Currently, the drinking water distributed by Sanasa depends on the Atibaia River and, to guarantee water demand, the first reservoir is under construction, on the Jaguari River. The quality of the water collected determines the type of treatment required and its cost. “We will work with two sub-basins: the Pinheiros stream (a tributary of the Atibaia river) and the Cachoeira stream (part of the area studied by Bruno Mortatti)”, says professor Sueli Pereira. “There are two basins with different characteristics, one very urbanized and the other in an agricultural area. The objective is to assess water availability in these basins, taking into account current demand in a conurbated and constantly growing region.”
Professor Ana Elisa de Abreu, in turn, notes that this is a large project, with the collaboration of researchers from different areas at Unicamp and that the role of the IG will be to offer a regional, integrative view, on a basin scale, while other teams will have a more specific focus, for example, on water and sewage treatment systems. “Here the link with the work of professor Jacinta and Bruno Mortatti, who focuses on basic science. Without data like those raised in the thesis, without understanding how the rock affects the chemical composition of the water, we will not be able to evaluate long-term scenarios, such as simulating the availability of water in a few decades, as foreseen in the project. And a special effort will be to include groundwater in the availability account.”
Sueli Pereira explains that a trend in large universities abroad is to work in an integrated manner on land use and occupation, climate, climate change, surface water and groundwater. “All this to promote water security, which, in turn, is closely linked to food security: to produce food you need water.
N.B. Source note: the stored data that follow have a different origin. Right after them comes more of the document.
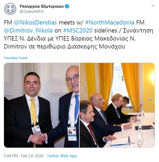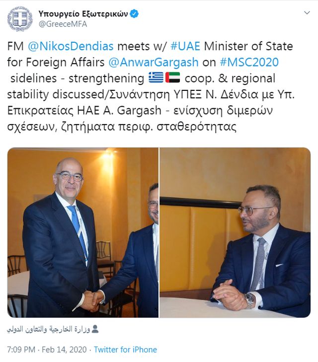 Ο κ. Δένδιας ανήρτησε στον προσωπικό του λογαριασμό στο Twitter φωτογραφίες από τη συνάντηση.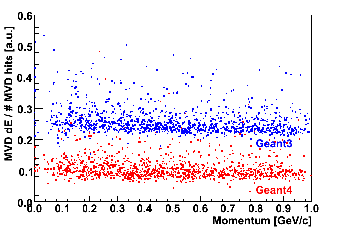 In Geant3 electrons are losing more than twice the energy lost in Geant4. In Geant4 we have a MIPS point similar to the one of the pions, while in G3 it seems that we could use MVD to discriminate between pions and electrons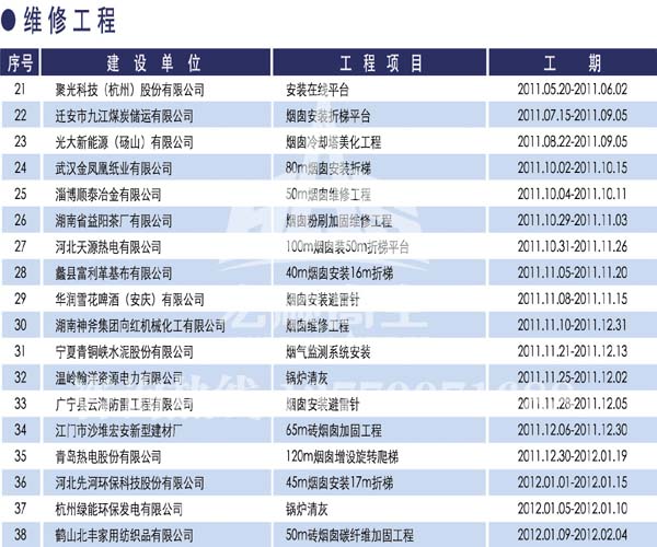 宏順建設(shè)工程有限公司是國家批準(zhǔn)成立的專業(yè)高空作業(yè)企業(yè):承攬過(國內(nèi).國外)煙囪新建、煙囪防腐、吊機防腐、水塔防腐、管道防腐、龍門吊防腐、儲存罐防腐、煙囪內(nèi)壁防腐等高空作業(yè)工程。具有“不搭腳手架 、 不需要停產(chǎn)”施工特點。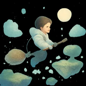 이 힘든 환경에서 벗어나기 위해 하얀 패딩을 입고 빗자루를 타고 도망치는 모습은 자유를 향한 갈망과 탈출의 여정을 나타냅니다.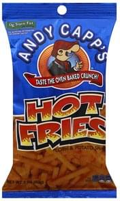 Andy Capp's Hot Fries, 8 Oz. | Big Lots Product Overview. Description. Tear into a big bag of Andy Capp's Hot Fries and taste the oven baked crunch. These corn and potato snacks are have zero grams of trans fat per serving and make a delicious anytime treat. Product Details.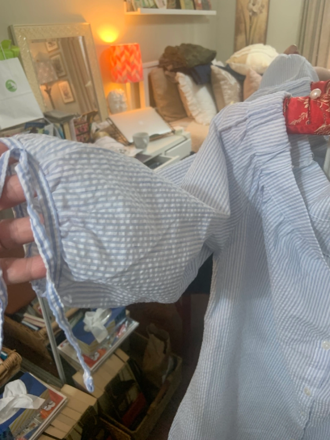 96• MINT CONDITION ! • PASSPORT • 3/4 SLEEVES WITH TIES • BUTTONS • SUPERMAN FRESH AND BREATHABLE • WOMEN’S NAUTICAL BLUE•WHITE EITHER WIRN AS DRESS OR LONG SHIRT • SEE MY DENIUM SHORTS TO MATCH TOP • SIZE•XL • LENGTH 31.5 ‘ INCHES WIDTH 21 ‘ INCHES • 55 % COTTON • 45% POLYESTER • $10 • MAIN INTERSECTIONS ARE HURONTARIO•STEELES JUST BEFORE DOWNTOWN BRAMPTON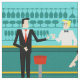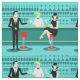 Cada hora é feliz com este Tecido do coquetel Retro. O design moderno do meio século apresenta um vibrante estilo, minimalista, de 1960 desenho de um bar de cocktail clássico. Contra o pano de fundo de uma parede aqua, podemos ver filas de óculos de bebida. Pelo menos podemos ver os teais silhuetas de óculos de bebida. A julgar pelas formas do material, este bar está bem equipado para molhar o assobio, seja qual for a sua preferência pela bebida. Um barman mais competente e personável é manejar o bar com sotaques amarelos. O jovem barman está vestindo uma camisa branca e primitiva com gravata arco preta. Sua boa aparência, cabelo louro e óculos de hipster pretos nos dão todas as razões para acreditar que ele passa seus dias como um ator em luta ou um super-herói. Por um lado, o bonito mixologista está entregando um martini a um cliente do lado oposto do bar. O cliente que espera é um cavalheiro de ombros largos com um terno preto e gravata vermelha. Ele é o tipo de sujeito que é descrito como alto, escuro e bonito mesmo quando ainda é horas até a hora de fechar. Parece que há um banco de bares vermelho e cromo com o nome do Sr. Debonair. No entanto, para não ser presunçoso, ele pergunta, "Desculpe-me. Este assento está ocupado?" Ele está perguntando à garota cabeleira no banco de bares vizinho. Ela é do tipo "garota ao lado", se você vive ao lado de uma beleza perfeita com uma figura que não desiste. Ela está vestindo um vestido preto e segurando um martini em uma mão. Ela espera que ela e o cavalheiro que se aproxima tenham mais em comum que a sua preferência pela bebida e a escolha da cor da roupa. Parece que esta noite ficou interessante. Saúde para você!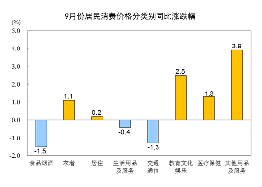 9月份,全国居民消费价格环比上涨0.2%。其中,城市上涨0.2%,农村上涨0.3%;食品价格上涨0.3%,非食品价格上涨0.2%;消费品价格上涨0.4%,服务价格下降0.1%。
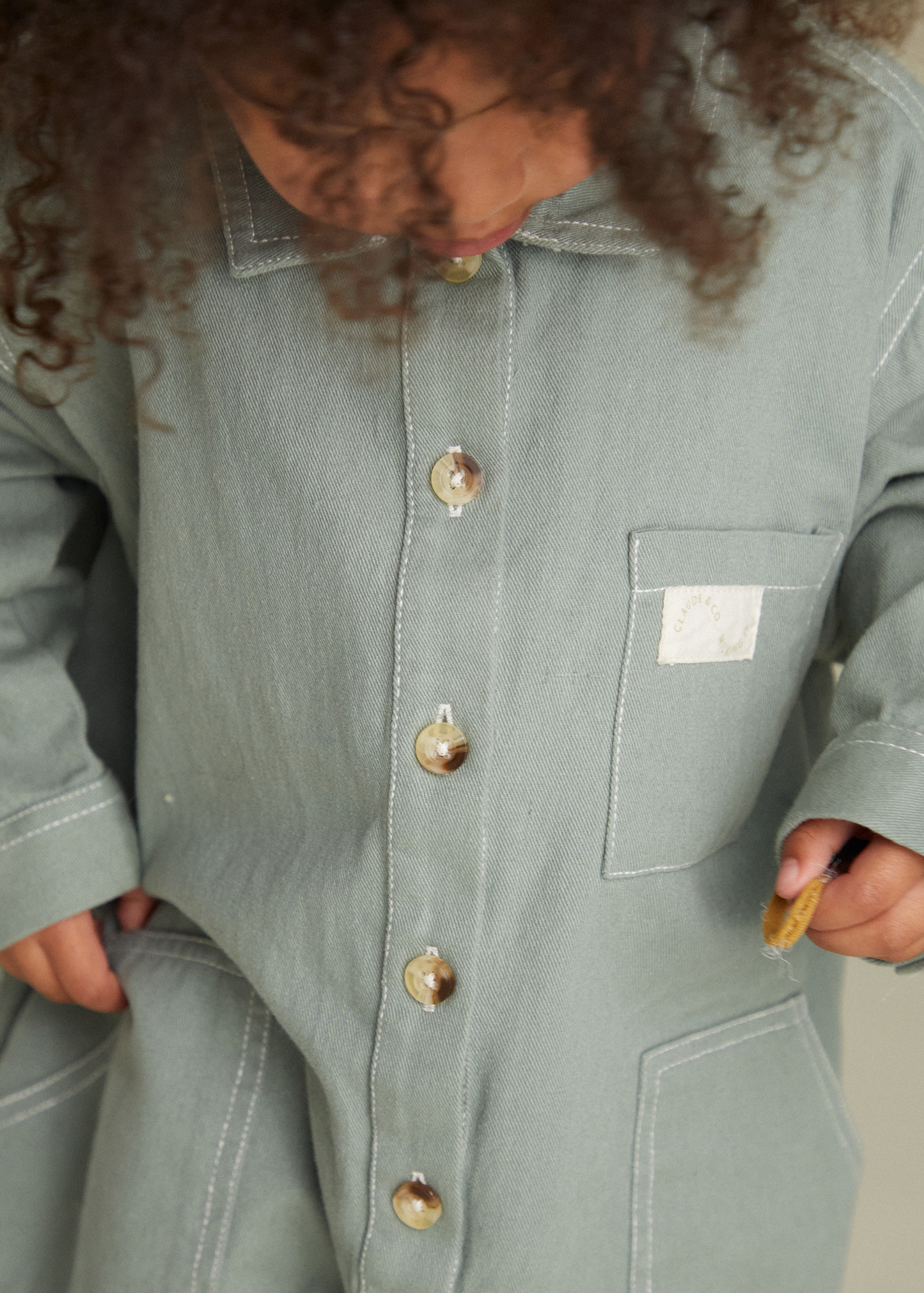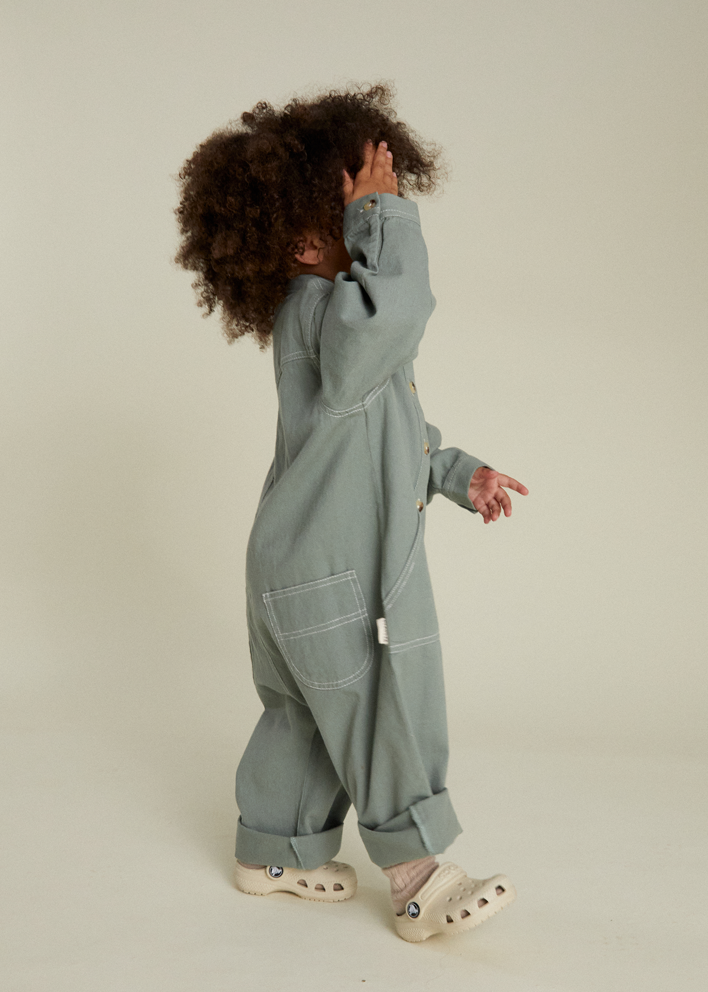 Our iconic best-selling western overall in sea green is a popular choice for a reason. Verstile, oversized, durable and comfortable. The colour goes with all and it's a perfect neutral but with a bit more.

We have methods for predicting the availability of groundwater, but not in an integrated way, as this requires technological development, that is, numerical models.”
According to the teacher, the Pinheiros river basin is a priority for Sanasa, as it contributes to the Atibaia river having sufficient flow to supply Campinas. “The stream flows into Atibaia, where the water is collected for the water treatment plant in the district of Sousas and, from there, the treated water is distributed to the majority of the city's population. The Pinheiros stream basin presents conflicts between surface and underground water, with many impermeable areas and subdivisions. Therefore, it is one of the IG’s focuses on the project.”